• _Task brief_: In the entries below, find the line containing "Tunique longue sans" and the line containing "A set of models". Copy those two lines and everything between them exactly, without the pictures.
------------
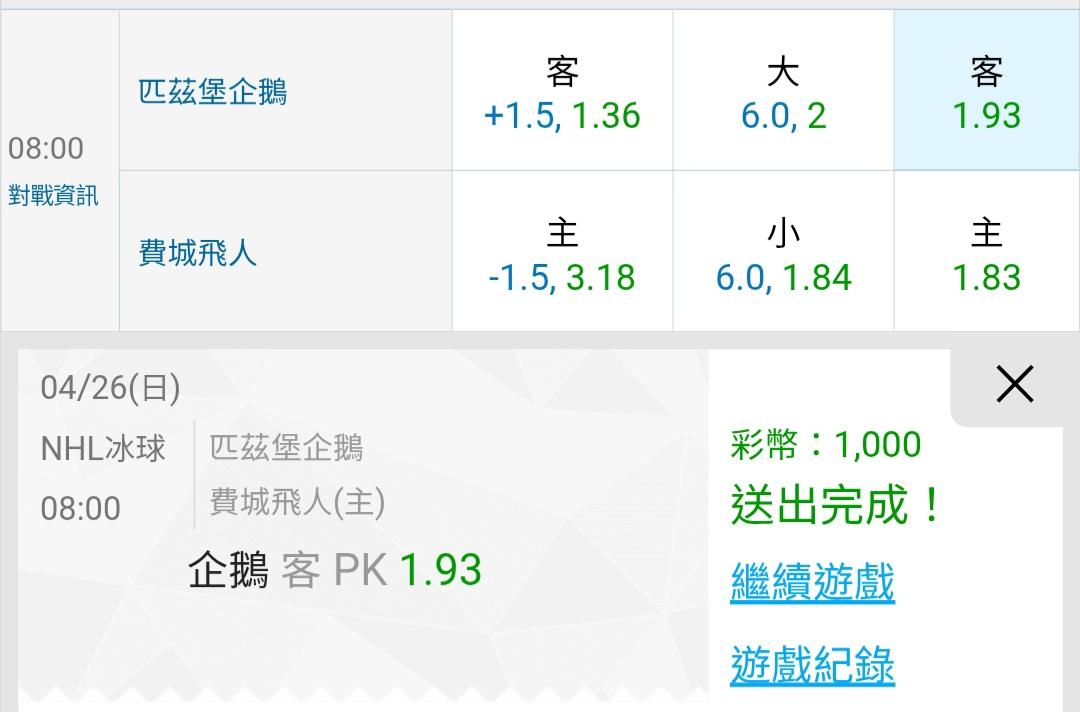 NHL冰球 >> 今天4過4全壘打【主推41過36】
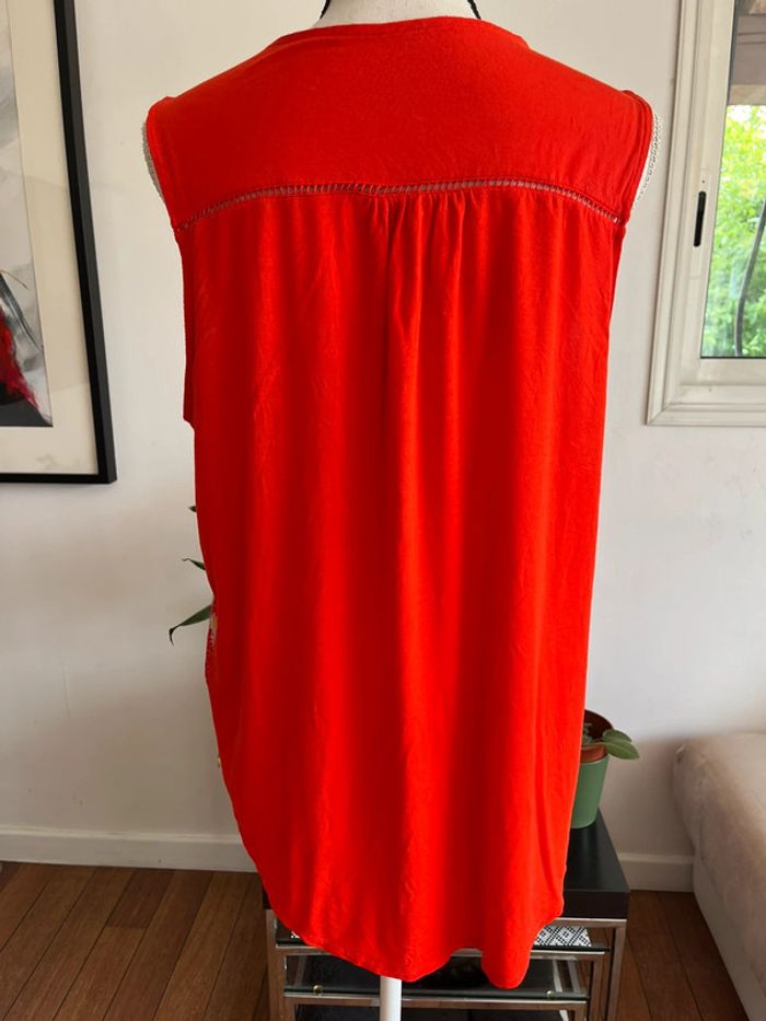 Tunique longue sans manches rouge corail imprimé fleurs - photo numéro 4
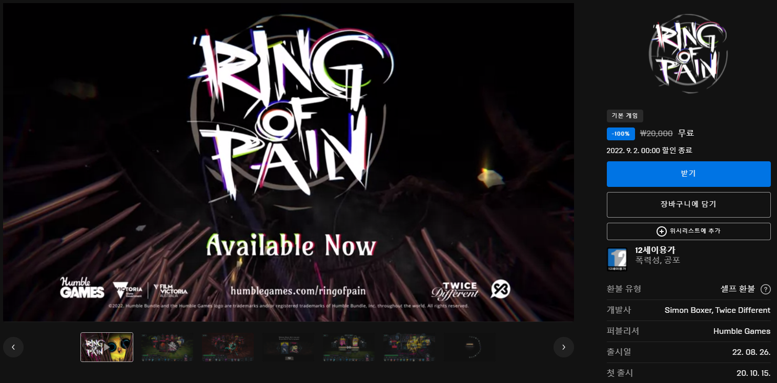 2022년 8월 마지막 주말, 에펙게임즈 무료 배포 게임은 "Ring of Pain" 입니다.
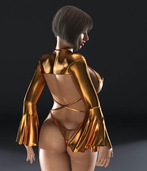 A set of models of a ladies' capri cut chaps (3352 polys) and bell cuff for same (5730 polys), as well as a shrug (2832 polys) and bell cuff (8954 polys), rigged in DAZ Studio for Genesis 8/8.1 Female, intended for use with dForce dynamic cloth simulation. The base chaps and shrug are simple conformers; the cuffs are a conformer that is meant to be simulated with dynamics. Wearable presets load these together or separately as desired. The models load with a basic white satin material, but both are made with "Cloth" and "Trim" surface selections can be used with the shared materials files from any of my swimwear/dress models. Smoothing and Push modifiers are included and set to reasonable defaults.
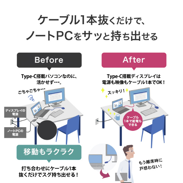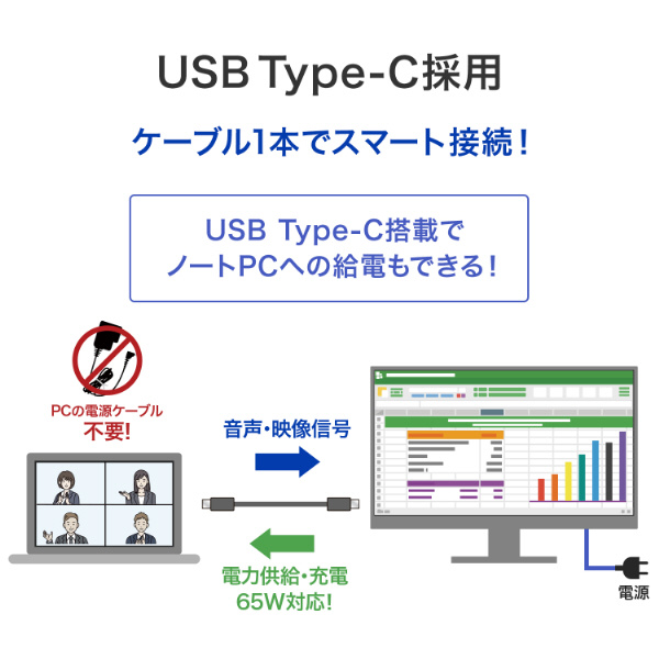 USB Type-C(R)搭載でノートPCへの給電も可能!
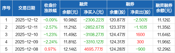 万向钱潮:连续4日融资净偿还累计1.16亿元(12-12)
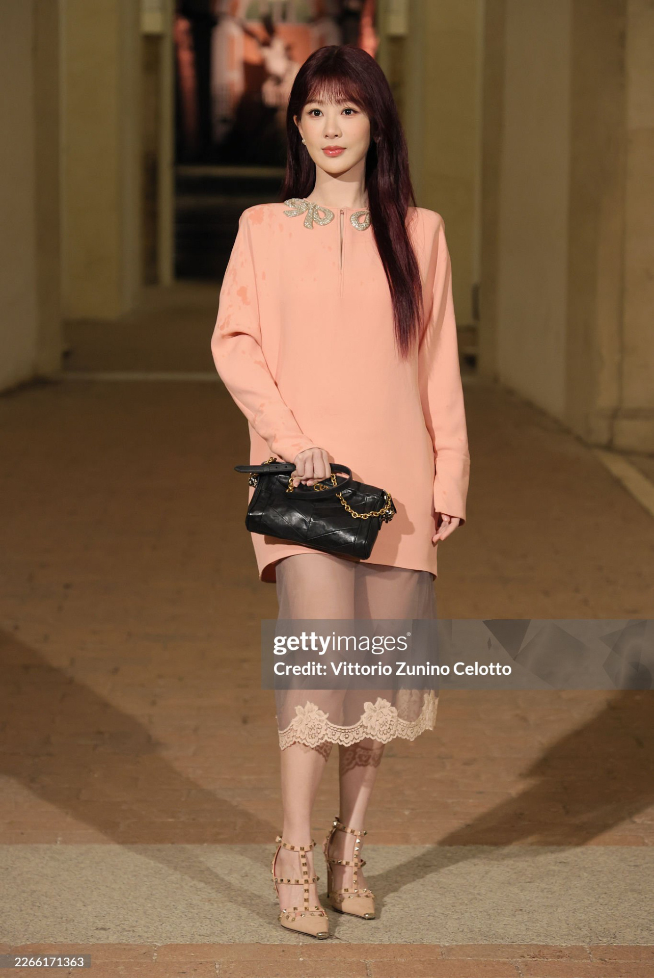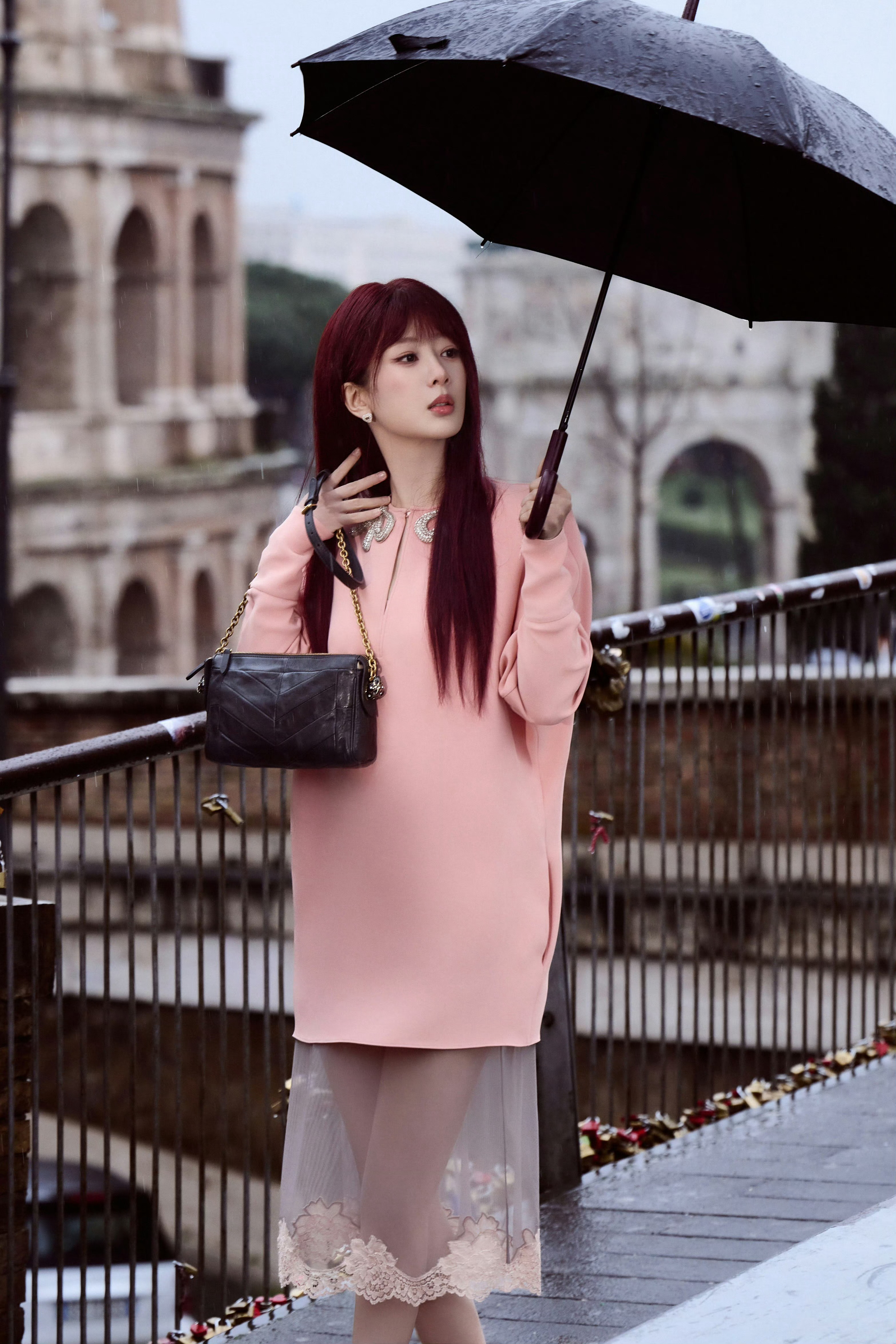 Valentino品牌代言人杨紫受邀出席2026秋冬时装秀,以一袭2026早秋系列粉色连衣裙亮相。柔美廓形与蕾丝裙摆交织,耀眼红发点睛其间,将东方柔美与意式优雅诗意融合。G社生图定格下她的完美好状态,雨雾漫过古城,她于罗马之畔,诠释华伦千金的浪漫新章~
------------
• _Answer to this task_:
 Tunique longue sans manches rouge corail imprimé fleurs - photo numéro 4
 2022년 8월 마지막 주말, 에펙게임즈 무료 배포 게임은 "Ring of Pain" 입니다.
 A set of models of a ladies' capri cut chaps (3352 polys) and bell cuff for same (5730 polys), as well as a shrug (2832 polys) and bell cuff (8954 polys), rigged in DAZ Studio for Genesis 8/8.1 Female, intended for use with dForce dynamic cloth simulation. The base chaps and shrug are simple conformers; the cuffs are a conformer that is meant to be simulated with dynamics. Wearable presets load these together or separately as desired. The models load with a basic white satin material, but both are made with "Cloth" and "Trim" surface selections can be used with the shared materials files from any of my swimwear/dress models. Smoothing and Push modifiers are included and set to reasonable defaults.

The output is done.